Required work. Beginning with the line that holds "Cartão com fotos" and ending with the last line below, please copy every line exactly, add nothing, and leave out the pictures.

***** Records supplied *****

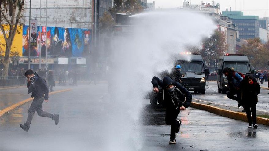 En el puerto de Valparaíso la policía impidió también que los estudiantes marcharan, mientras en otras ciudades como La Serena, Concepción y Temuco hubo manifestaciones pacíficas.
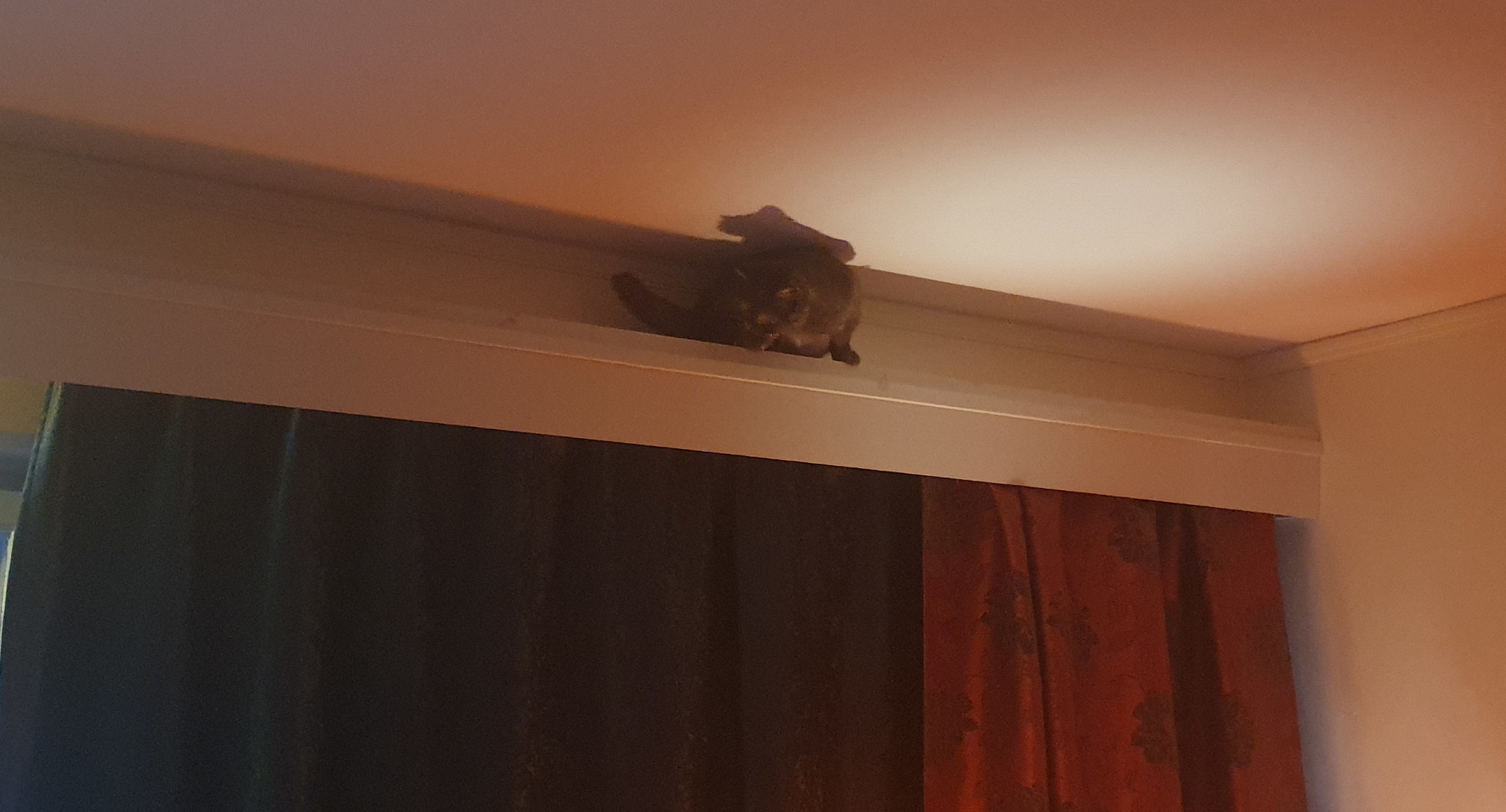 Här lyckades hon inte ta sig ner, klättra upp för gardiner är tydligen lättare än att ta sig ner. Tur att jag gjorde kornishen stadig! (är det någon som vet var det går att köpa guldlist? Hittade ingen när jag letade)
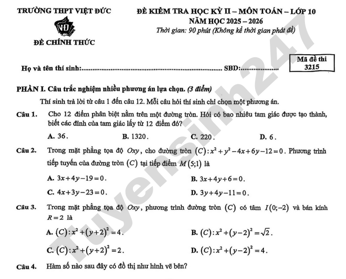 Đề kiểm tra cuối học học kì 2 môn Toán lớp 10 trường THPT Việt Đức, HN năm học 2025 - 2026 mã đề 3215 như sau:
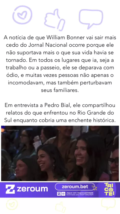 Em entrevista a Pedro Bial, William Bonner já falava sobre os desafios que enfrentava, incluindo ataques e perseguições a ele e à sua família, além de episódios durante a cobertura de uma enchente histórica no Rio Grande do Sul. O vídeo mostra trechos dessa conversa, que agora ganham atenção após o anúncio de sua saída antecipada do Jornal Nacional. 📽️ Imagem/Reprodução | Internet #viral #bonner #jornalnacial #jornalismo #globo
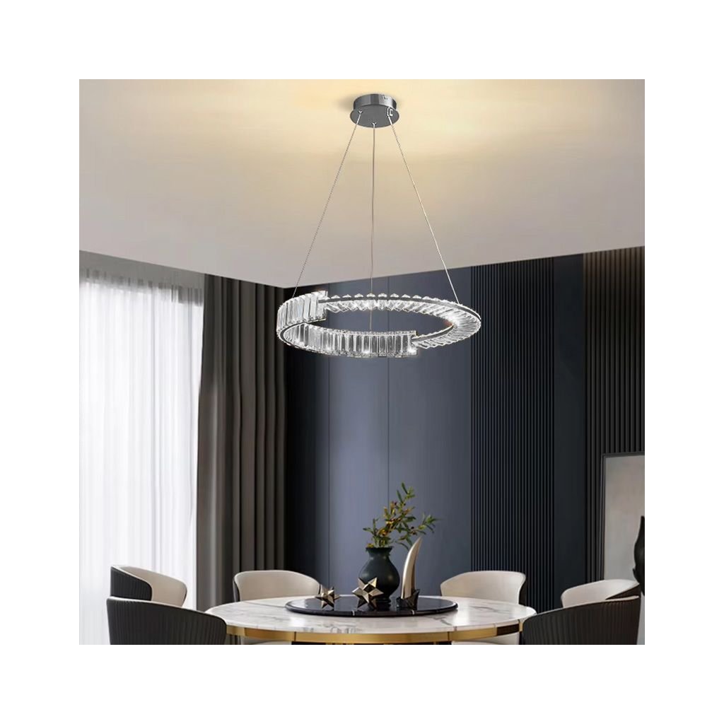 Lampa cu pandantiv cu LED este o combinație unică de funcționalitate modernă și eleganță atemporală, care aduce o aură de lux în interior. Forma sa de design, bogată în decorațiuni din cristal, atrage atenția, difuzează ușor lumina și conferă spațiului un caracter unic. Datorită stilului său universal, va fi ideală atât pentru aranjamentele moderne, cât și pentru cele clasice, devenind punctul focal al decorului și subliniindu-i rafinamentul.
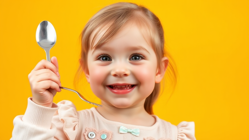 Portrait of an adorable 3-year-old British girl with rosy cheeks, dressed in a pastel-colored outfit, holding a spoon instead of a fork, against a cheerful yellow background. Her eyes twinkle with delight, and her face displays a playful grin, captured in a professional studio setting.
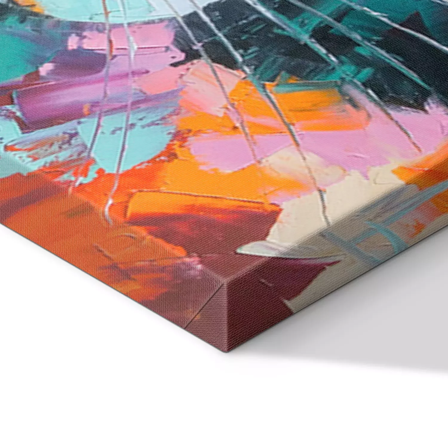 De print wordt aangebracht op hoogwaardig canvas dat op een schildersweefgetouw (spieraam) wordt gespannen. Omdat de print de zijranden bedekt, hoeft het ontwerp niet met een extra kader te worden omlijst. Wij raden ook composities aan die uit meerdere foto's bestaan en zo een coherente compositie vormen.
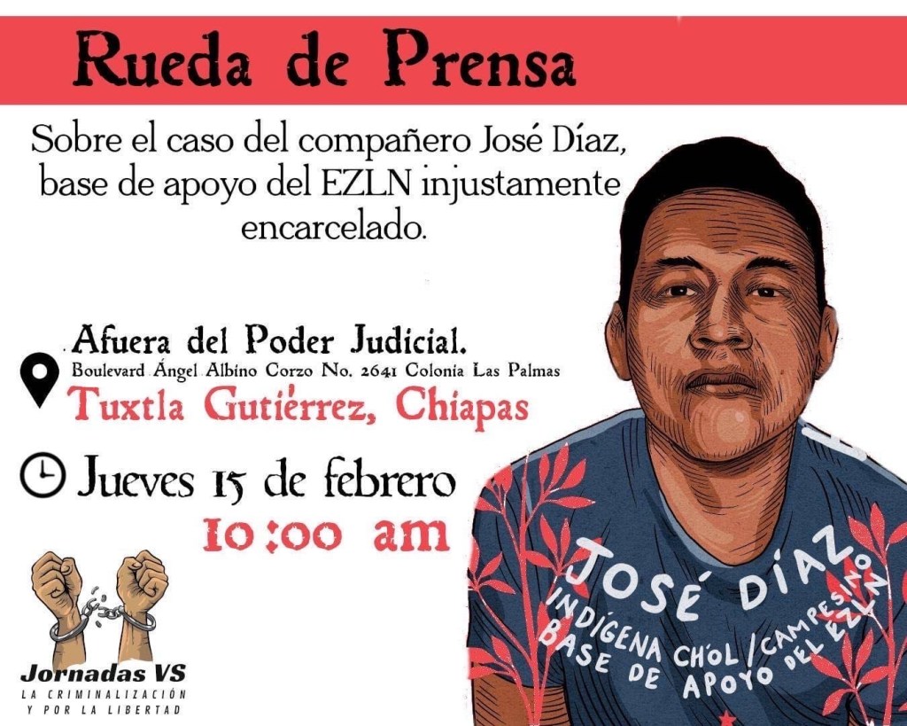 Rueda de prensa por la libertad de José Díaz, Base de Apoyo del #EZLN; su situación carcelaria, cambio de medida cautelar y violaciones al debido proceso.
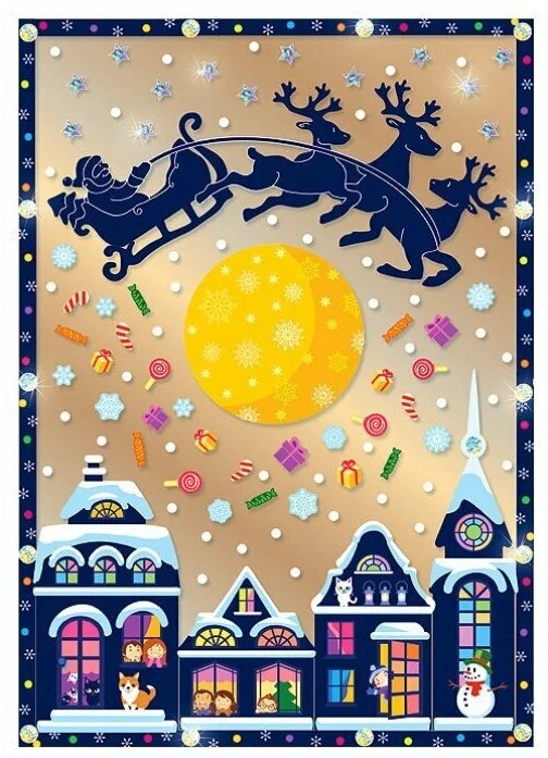 Картина-коллаж из стильных стикеров на затемнённом полупрозрачном пластике «Зимняя сказка» понравится ребёнку старше 8 лет: он легко наклеит на пластик части рамки и силуэты летящих по ночному небу сказочных персонажей — волшебника с мешком подарков в санях, запряжённых оленями; наклеит большую яркую красивую луну, дома с праздничным разноцветным светом в окнах, где радостные и удивлённые детишки и их домашние питомцы наблюдают за чудом новогоднего торжества; наклеят фигурки сыплющихся с неба вместе со снежинками подарков, леденцов и конфет, украсят блестящими голографическими наклейками фон картины и рамку. Особенно эффектно картина смотрится на фоне узора обоев, который слегка просвечивает сквозь полупрозрачный пластик кофейного оттенка. А в рамке из багета картина-коллаж превратится в настоящий шедевр и станет ярким акцентом в любом интерьере! |
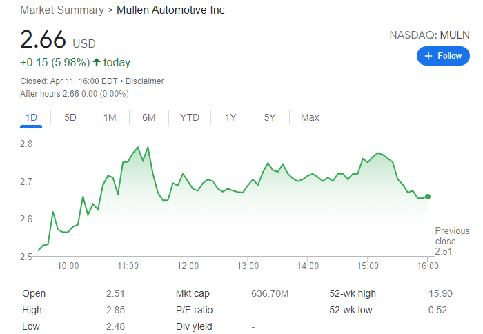 سهام MULN در روز جمعه قبل از از دست دادن جایگاه خود در پایان، بسیار بالاتر بود. سهام MULN با افزایش بیش از 15 درصدی با 2.77 دلار معامله شد، اما با نزدیک شدن به پایان هفته، جایگاه خود را از دست داد. بنابراین، چرا این چرخش بزرگ؟
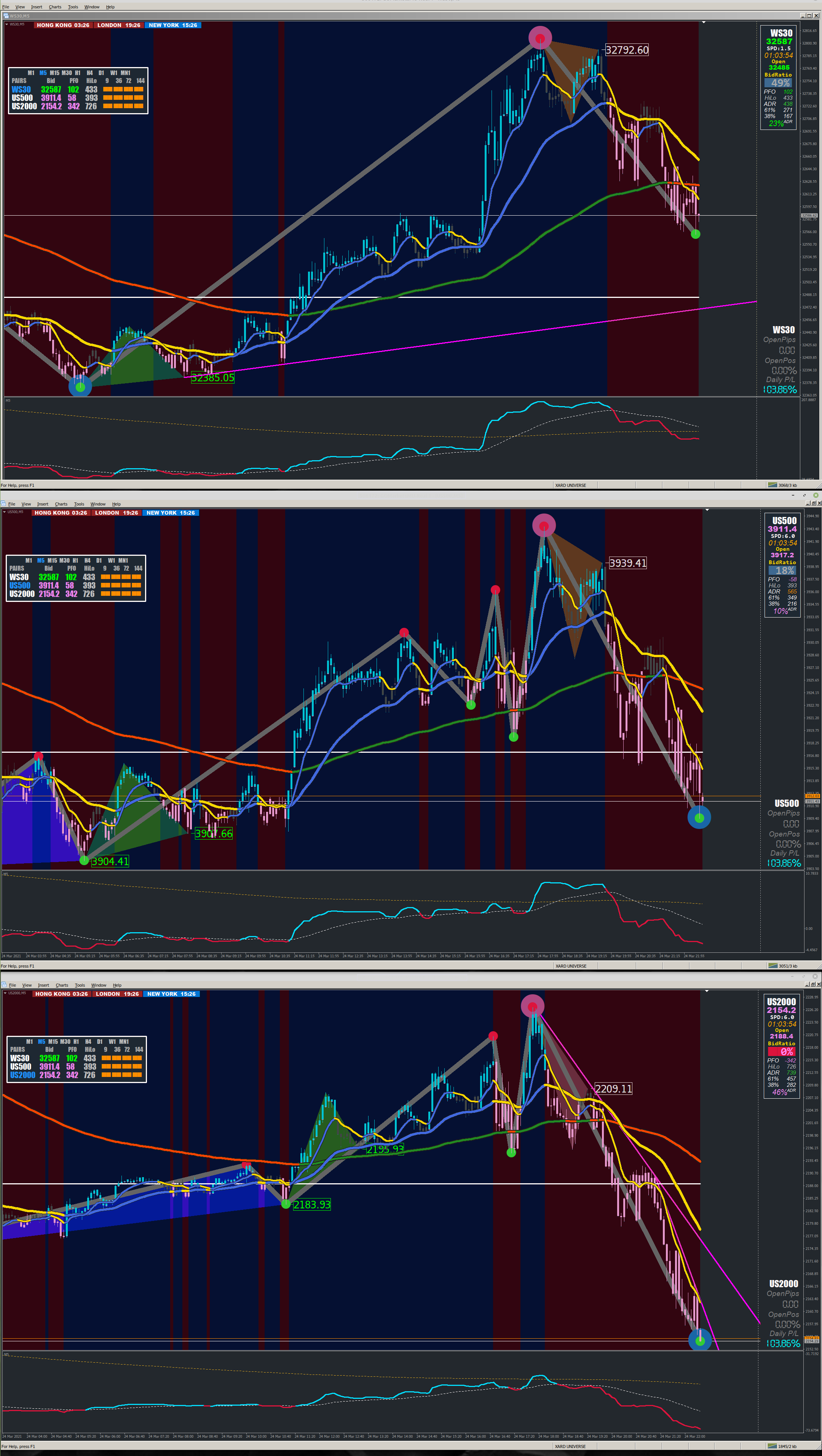 I have trimmed back indicators on the chart and fixed the pips showing separate amount for each chart.
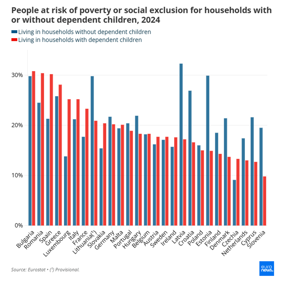 30.8 për qind e bullgarëve që jetojnë në familje me fëmijë në varësi të tyre janë në rrezik nga varfëria ose përjashtimi social.
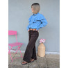 Cette chemise en jean revisite un grand classique avec une touche féminine et moderne. Confectionnée dans un denim doux et confortable, elle se distingue par ses volants élégants en V sur le devant, qui apportent du caractère et une belle structure à la silhouette.
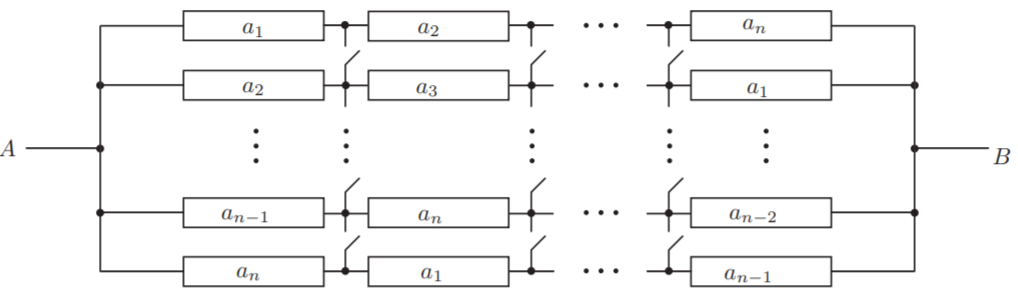 Θεωρούμε το παρακάτω κύκλωμα τεσσάρων αντιστατών (δυο με αντίσταση α και δυο με αντίσταση b):
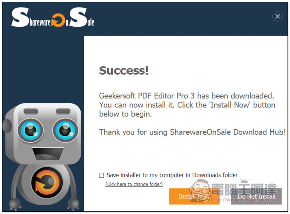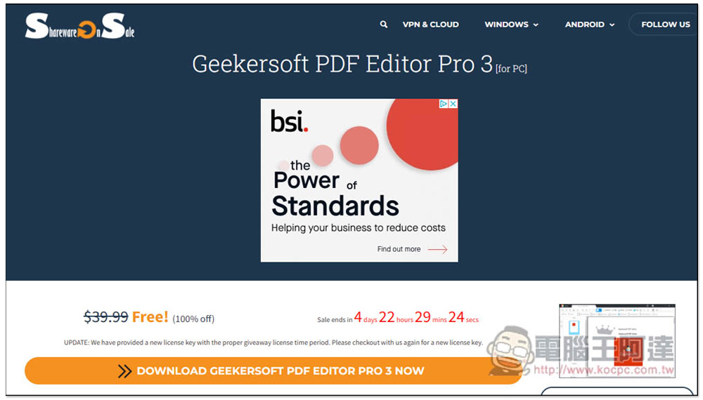 這次推出 Geekersoft PDF Editor Pro 3 限免的是大家非常熟悉 SharewareOnSale 網站,進到限免頁面後,點擊下方的 DOWNLOAD GEEKERSOFT PDF EDITOR PRO 3 NOW,目前還有四天多的時間:
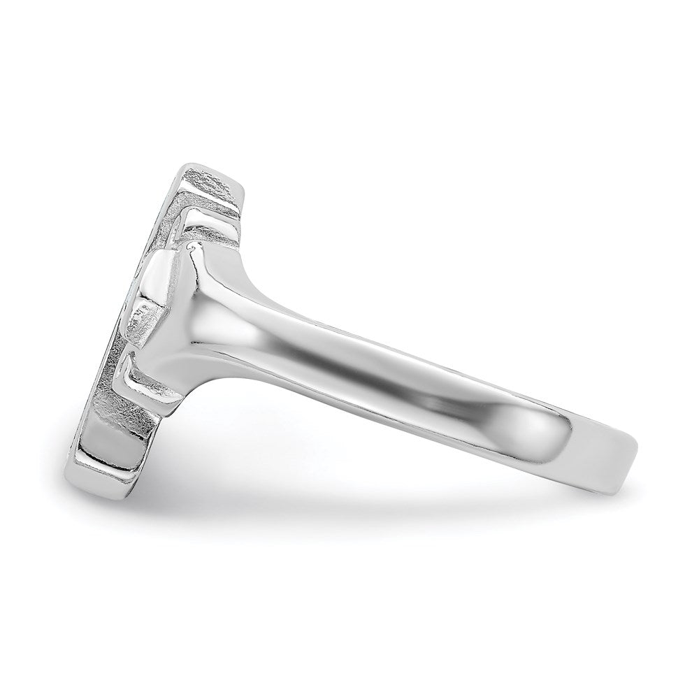The Sterling Silver Rhodium-Plated Blue Inlay Created Opal Cross Ring is a sleek piece that adds style to any look. Crafted from shiny sterling silver, this ring features a bold cross design with a striking blue opal inlay. The lab-created opal shows colorful flashes that catch the eye. Its smooth rounded edges and polished finish give it a modern vibe. With a ring top measuring 11.4 mm by 13.6 mm and a band only 2.4 mm wide, this piece offers a comfortable fit. The Sterling Silver Rhodium-Plated Blue Inlay Created Opal Cross Ring is perfect for anyone who loves meaningful jewelry with a fresh twist.
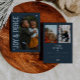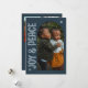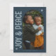 Cartão com fotos timístico e mínimo de férias com um quadro de arco azul com um texto tipográfico que diz "alegria e paz". Você pode adicionar um total de 3 fotos neste cartão na frente e atrás.
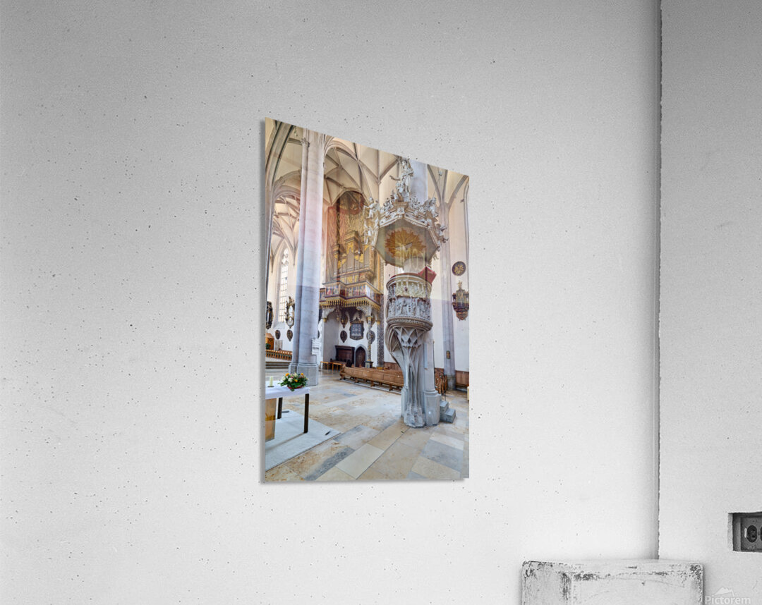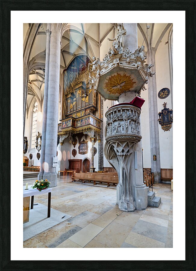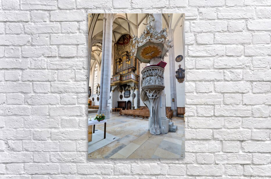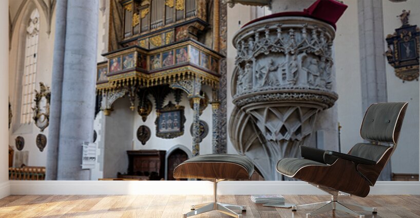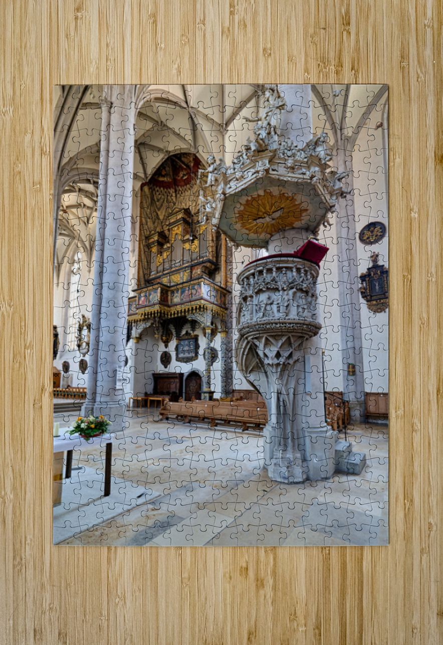 People explore the interior of St. Georgs Kirche in Nordlingen. The church features a tall organ and detailed stonework.

*****

Response.
 Cartão com fotos timístico e mínimo de férias com um quadro de arco azul com um texto tipográfico que diz "alegria e paz". Você pode adicionar um total de 3 fotos neste cartão na frente e atrás.
 People explore the interior of St. Georgs Kirche in Nordlingen. The church features a tall organ and detailed stonework.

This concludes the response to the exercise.